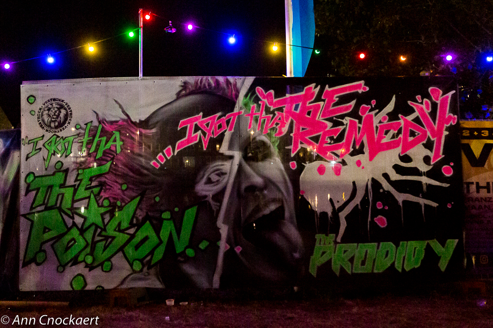 The Prodigy, dan? Die bestaan nog, zelfs na het overlijden van Keith Flint (toch de smoel van die band) en hun set was alles wat je er kon van verwachten: de apocalyps op uitbreken, het gedonder en geraas van een nieuwe, nog aan te komen dystopische wereld. Helaas hadden de heren geen zin in foto’s. Dus namen we maar deze van een mural. Goed, Vestrock: dat het goed was. Tot volgend jaar. Als we nog leven.
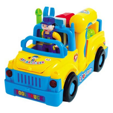 Reducere 45%. Camionetă de jucărie M-Toys cu ustensile, lumini şi sunete. Camionetă de jucărie M-Toys cu ustensile, lumini şi sunete va oferi copilului dumneavoastră momente pline de distracţie şi veselie, iar dumneavoastră, privindu-l, zâmbete. Bormaşina este funcţională copilul putând să o folosească pentru a înşuruba/deşurubă şurubul din camion.
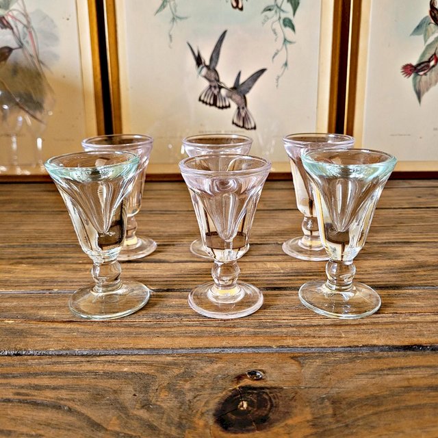 Parfaits pour une déco de table rétro, un coin bar vintage ou un cadeau plein de caractère.Il y a 6 verres dont deux présentent une couleur “bleuté”.Ils ont vécu mais sont en très bon état.6 verres en plus grande taille sont aussi disponibles (voir mes autres annonces).? Diamètre 4, 7 cm environ X hauteur 7, 9-8, 2 cm environ.Poids de 6 verres: environ 630 gr.
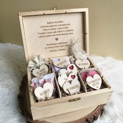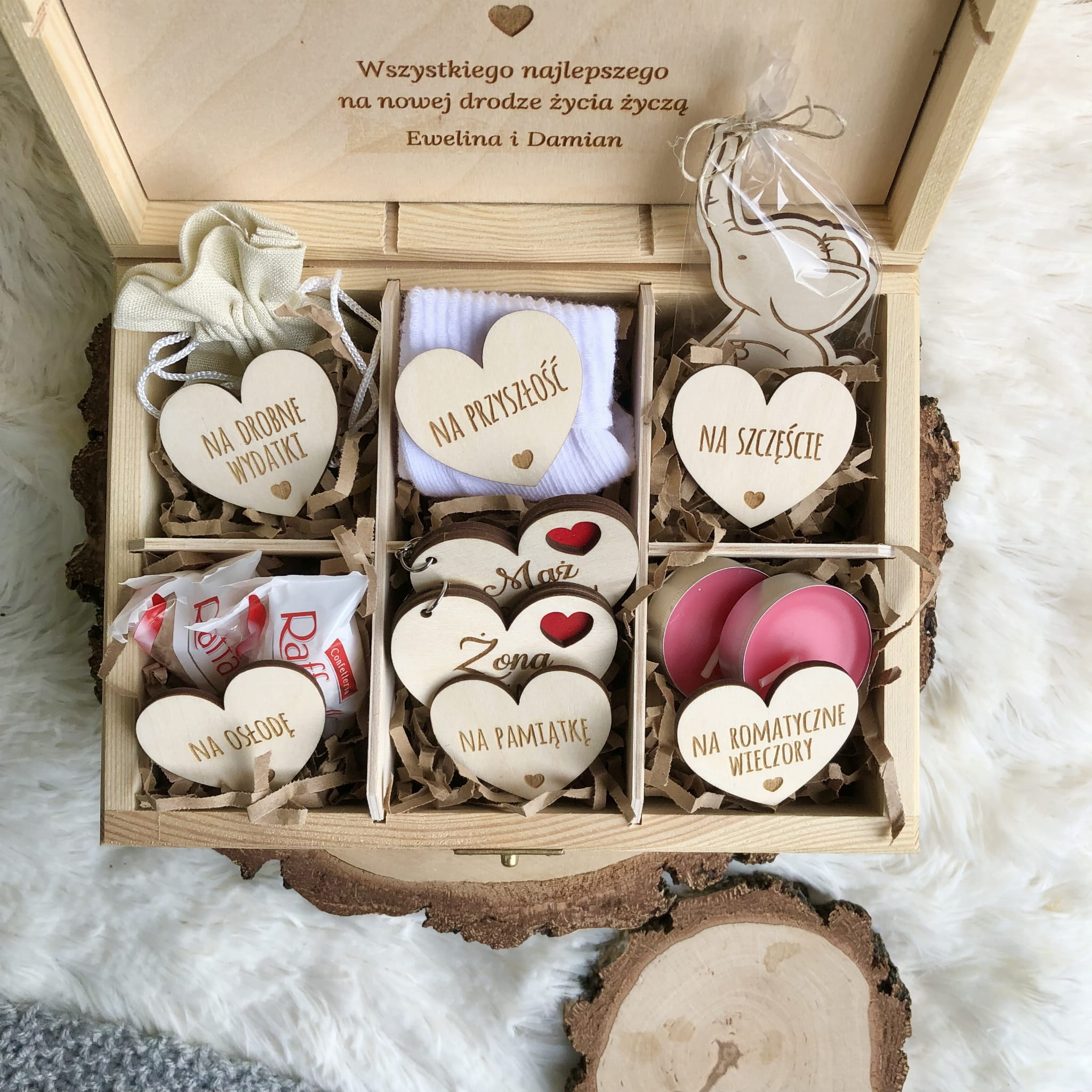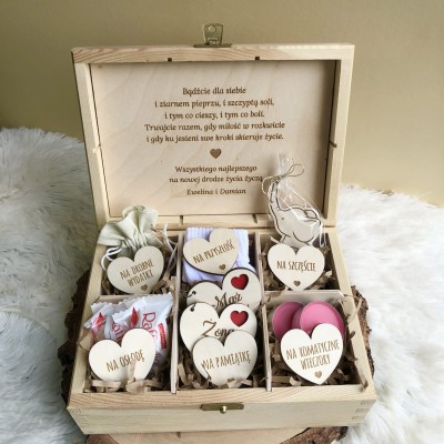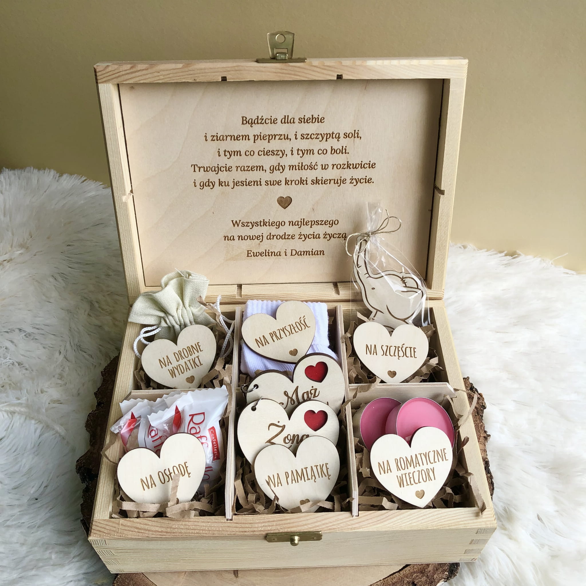 Pudełko z grawerem z zewnątrz i życzeniami wewnątrz. Wymiary pudełka: 22 cm x 16 cm x 8 cm. Materiał: naturalne drewno sosnowe + sklejka. Grawer wykonany precyzyjną techniką laserową. Życzenia są wygrawerowane na sklejce drewnianej i wklejone do pudełka. W każdej przegródce oprócz produktu jest wypełnie w 4 kolorach do wyboru (brązowe ECO, różowe, niebieskie lub czarne).
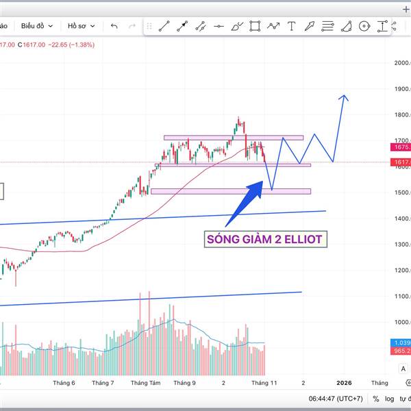 Nhận Định: VỀ HỖ TRỢ 1600 Phiên qua mở đầu với một gap tăng nhờ thông tin tích cực từ thuế quan, nhưng nhanh chóng quay đầu giảm đỏ khi lên vùng cản 1700. Cuối phiên V...Thêm
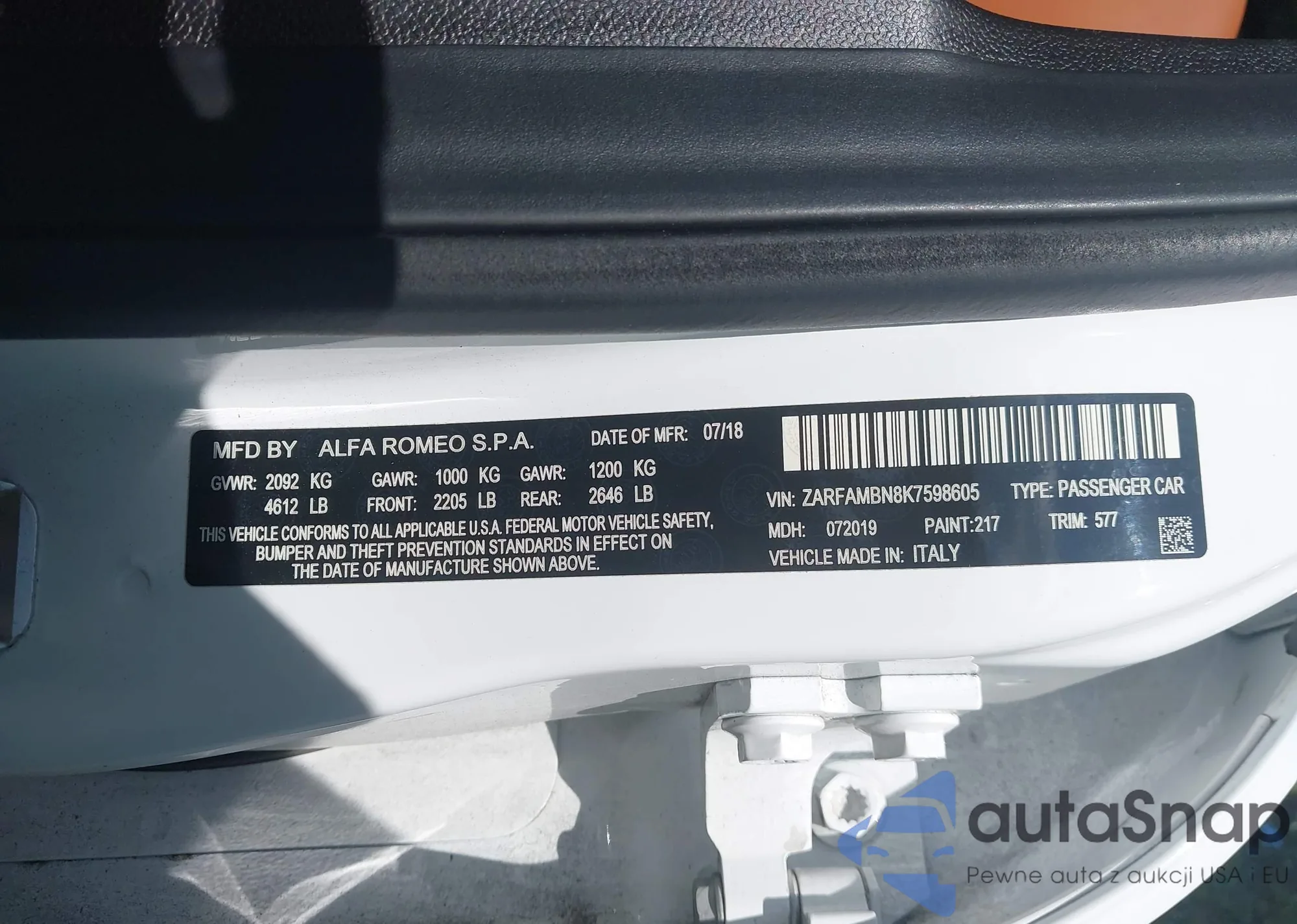 VIN: ZARFAMBN8K7598605
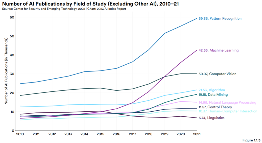 按照专业方向来分,图 1.1.3 表明模式识别和机器学习方面的出版物在过去五年中增长最快。自 2015 年以来,模式识别方面的论文数量大约翻了一番,而机器学习论文的数量大约翻了两番。
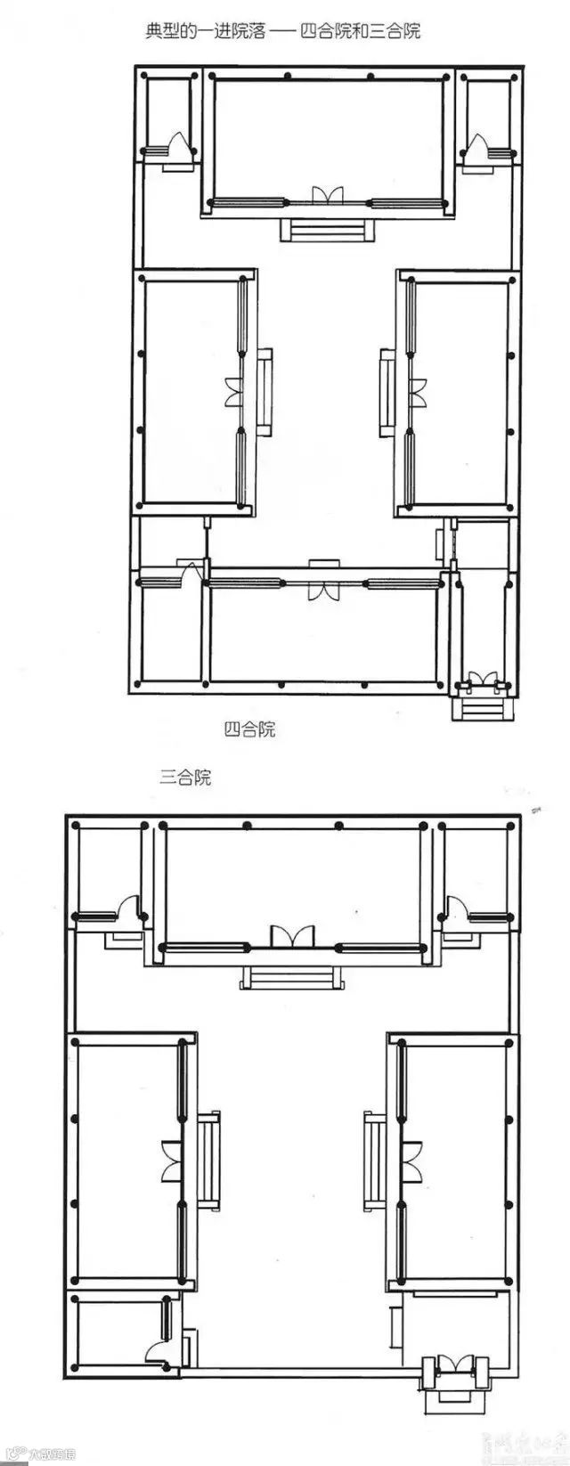 一进四合院和三合院平面图
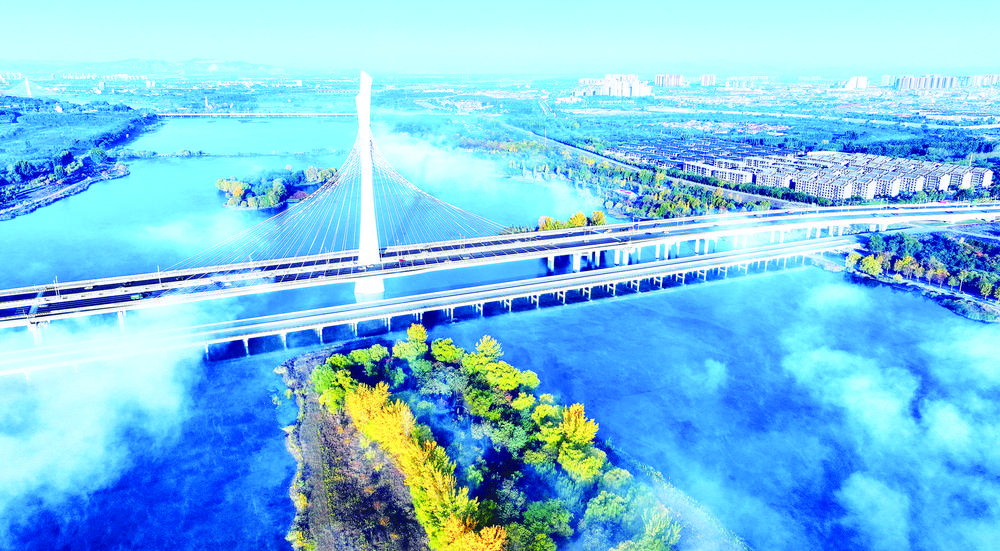 清晨,薄霧輕覆大地,像是大自然為秋日披上了一層輕紗,增添了幾分清冷與靜謐。公園里的楓樹、銀杏樹、白蠟樹等在白霜的映襯下,愈發(fā)紅得似火,黃得如金。葉片在枝頭搖曳,仿佛在跳最后的告別舞蹈,記錄著曾屬于這個季節(jié)的絢爛。滹沱河廉州湖風景區(qū)藁城段的大片花海,似乎忘記了季節(jié)的變遷,盡情綻放最后的絢爛。遠處的山巒也被秋色染透,層層疊疊的色彩在冷風中顯得更加深沉而厚重,從近處的金黃到不斷延伸的蒼翠,再到遠處的如黛群山,像是大自然用盡全力在畫布上涂抹的最后一抹濃墨。
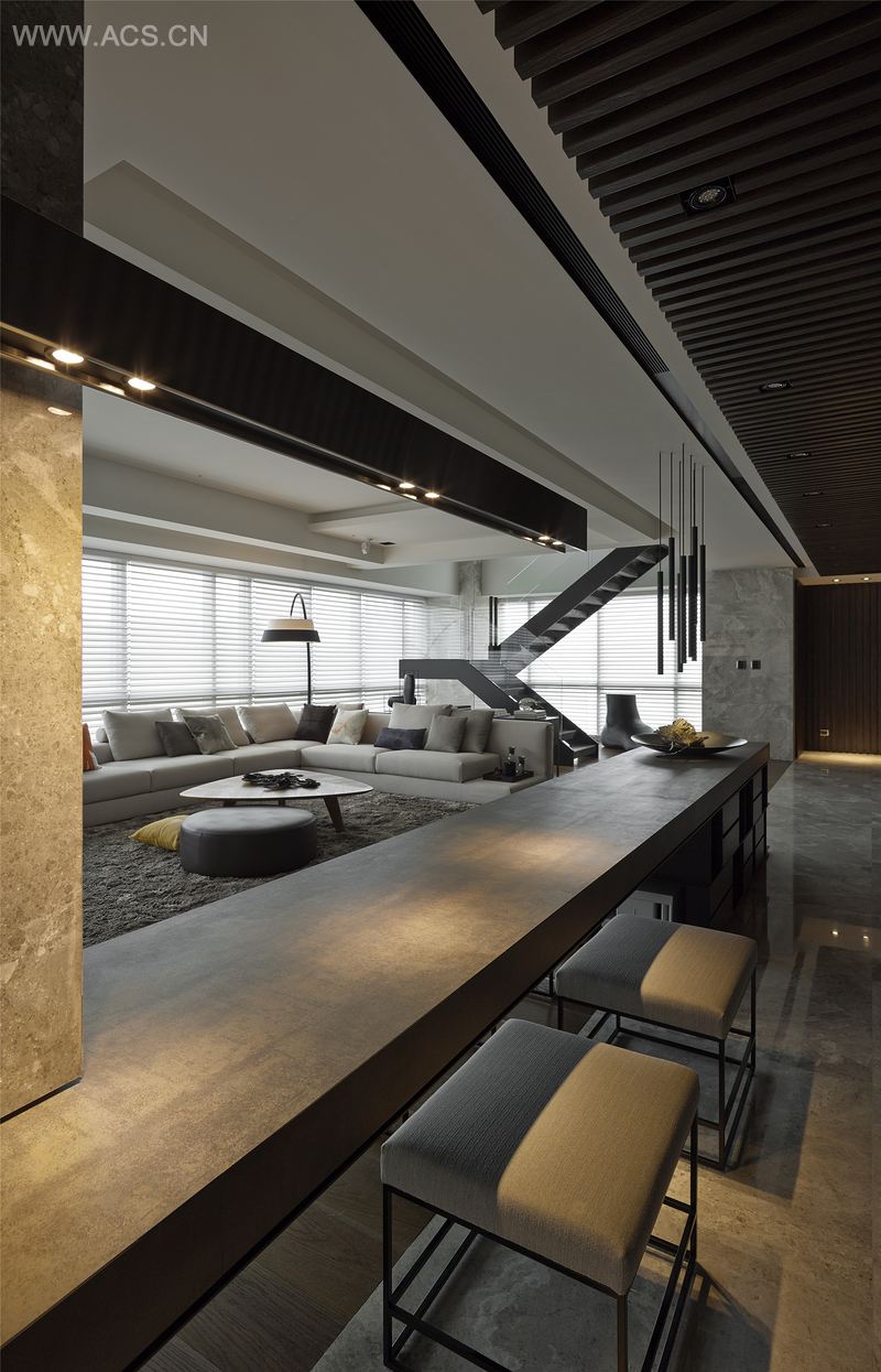 基地特性为一具备落地玻璃维幕外墙的三面采光空间。在此一空间优势下,利用垂直延展至天花的深色格栅,做为调和空间的一种反向张力。在垂直律动的节奏中,除了于表面反映日照,也利用立面进退处理的手法,使得墙体于不同视角具备了轻画的线条感、厚实的量体效果和跨尺度的水平桌面。一方面界定了场域分属和金属材质的半反射质感,同时也让纵向格栅的比例在视觉上获得平衡。
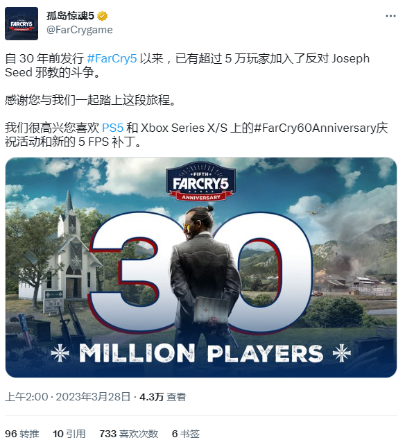 育碧游戏官方推特账号发布推文,宣布《孤岛惊魂5》玩家人数已突破 3000 万。
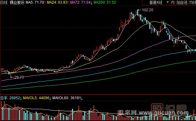 錫業(yè)股份(000960)該股的上漲通道非常明顯,均線組合形成發(fā)散向上的完美形態(tài)。我們認(rèn)為所有超級(jí)強(qiáng)勢(shì)股都是這樣子的均線形態(tài)。5日線在最上面,24日線在第二,72日線在第三,200日年線在最下面的組合排列將股票推升到一個(gè)讓人無(wú)法想像的高度。其實(shí)股票走勢(shì)是有一定規(guī)律的,每次瘋狂上漲的股票都是90度角斜率向上漲停爆發(fā)的,一旦資金跟不上,成交量萎縮就會(huì)引發(fā)暴跌。如果是以30度角斜率上漲的股票通常均線非常完美的時(shí)候會(huì)出現(xiàn)長(zhǎng)期上漲的趨勢(shì)。主力資金勢(shì)力也是巨大的,只是主力不想一下引起別人的關(guān)注而已。通常上漲過(guò)程中很少漲停,不想暴露自己的交易席位,不想成為大眾的目標(biāo)。大部分真正賺錢的人通常是非常低調(diào)的,不愿意引起別人的關(guān)注。我們認(rèn)為股票是沒(méi)有絕對(duì)的好與壞之分的,只有強(qiáng)勢(shì)階段和弱勢(shì)階段之分,強(qiáng)勢(shì)當(dāng)然就是積極參與賺錢順利。弱勢(shì)階段就是跌跌不休,最好遠(yuǎn)離。很少人能夠在弱市當(dāng)中成功賺錢,只有極少數(shù)人能夠幸免于股災(zāi)。為了成功抓住黑馬的啟動(dòng)點(diǎn),我們一定要專注去研究短線牛股或者是長(zhǎng)線牛股的啟動(dòng)點(diǎn)特征。錫業(yè)股份也是這樣一只標(biāo)準(zhǔn)的強(qiáng)市大牛股。
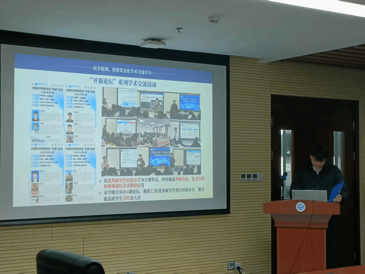 研究生会学术部展示了第三十六届研究生科技论文报告会、“开源论坛”系列学术交流活动、“四维研学空间”建设等活动成果,推动学院学术氛围建设方面取得了积极成效。同时,他们反思不足,总结经验,并为下一步工作制定明确规划。
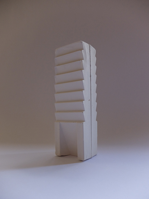 I used single-use plastic food containers as molds to cast plaster shapes, creating a range of reliefs and three-dimensional forms that resemble architectural components. Assembled together, they become city dioramas—miniature models that propose new topographies of forms for our lived environment.
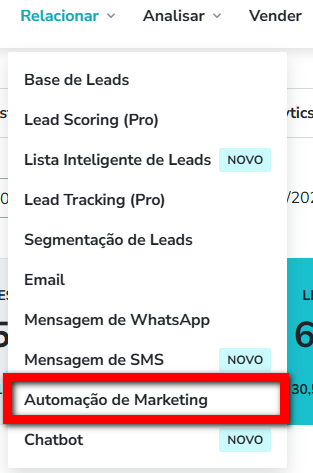 8.1. Depois clique em “Automação de Marketing”;
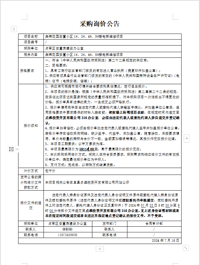 奧錦花園安置小區(qū)1#、3#、4#、8#樓電梯維修項(xiàng)目詢(xún)價(jià)公告
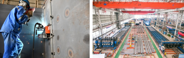 以U肋雙面全熔透焊接技術和先進視覺識別焊接機器人技術為基礎,全新規劃了國內建設規模最大、建設標準最高、配套最完善的橋梁板單元智能制造車間,解決鋼橋正交異性鋼橋面板結構疲勞病害等技術難題。
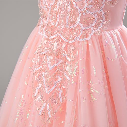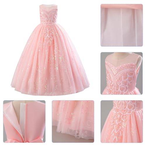 • Flower Girls Long Sequin Bowknot Wedding Party Dress: Little big girls embroidery sequin lace flower wedding bridesmaid pageant formal party long maxi dress, sweet junior bridesmaid princess first communion birthday dance prom ball gown floor length flare a-line puffy tulle ball dresses, elegant and gorgeous summer sleeveless open V-backless bowknot dresses for 3-12 year-old baby kids toddler teen girl.
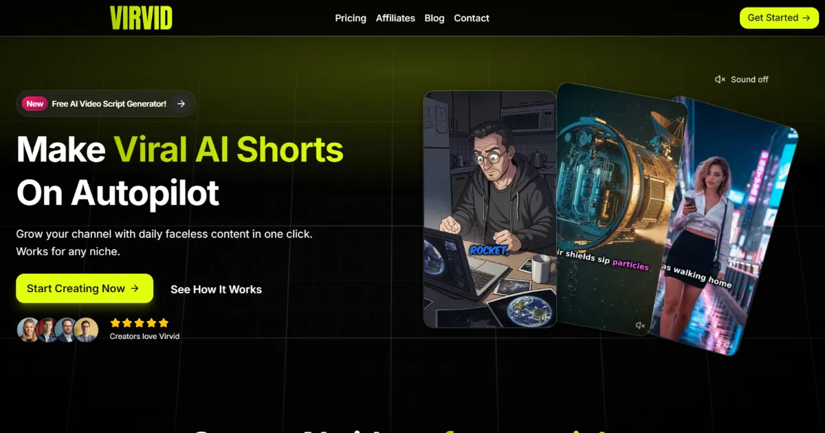 Virvid — это универсальный инструмент на базе искусственного интеллекта, который генерирует короткие видео для создателей контента, компаний и цифровых маркетологов. Эта платформа преобразует идеи в популярные короткие видео для таких платформ, как TikTok, Instagram Reels и YouTube.

------------------------------

*Your instructions:* Only the lines from the beginning of the records through the line bearing "Parfaits pour une" belong in the answer, copied word for word with pictures left out.

*Expected answer:*
 The Prodigy, dan? Die bestaan nog, zelfs na het overlijden van Keith Flint (toch de smoel van die band) en hun set was alles wat je er kon van verwachten: de apocalyps op uitbreken, het gedonder en geraas van een nieuwe, nog aan te komen dystopische wereld. Helaas hadden de heren geen zin in foto’s. Dus namen we maar deze van een mural. Goed, Vestrock: dat het goed was. Tot volgend jaar. Als we nog leven.
 Reducere 45%. Camionetă de jucărie M-Toys cu ustensile, lumini şi sunete. Camionetă de jucărie M-Toys cu ustensile, lumini şi sunete va oferi copilului dumneavoastră momente pline de distracţie şi veselie, iar dumneavoastră, privindu-l, zâmbete. Bormaşina este funcţională copilul putând să o folosească pentru a înşuruba/deşurubă şurubul din camion.
 Parfaits pour une déco de table rétro, un coin bar vintage ou un cadeau plein de caractère.Il y a 6 verres dont deux présentent une couleur “bleuté”.Ils ont vécu mais sont en très bon état.6 verres en plus grande taille sont aussi disponibles (voir mes autres annonces).? Diamètre 4, 7 cm environ X hauteur 7, 9-8, 2 cm environ.Poids de 6 verres: environ 630 gr.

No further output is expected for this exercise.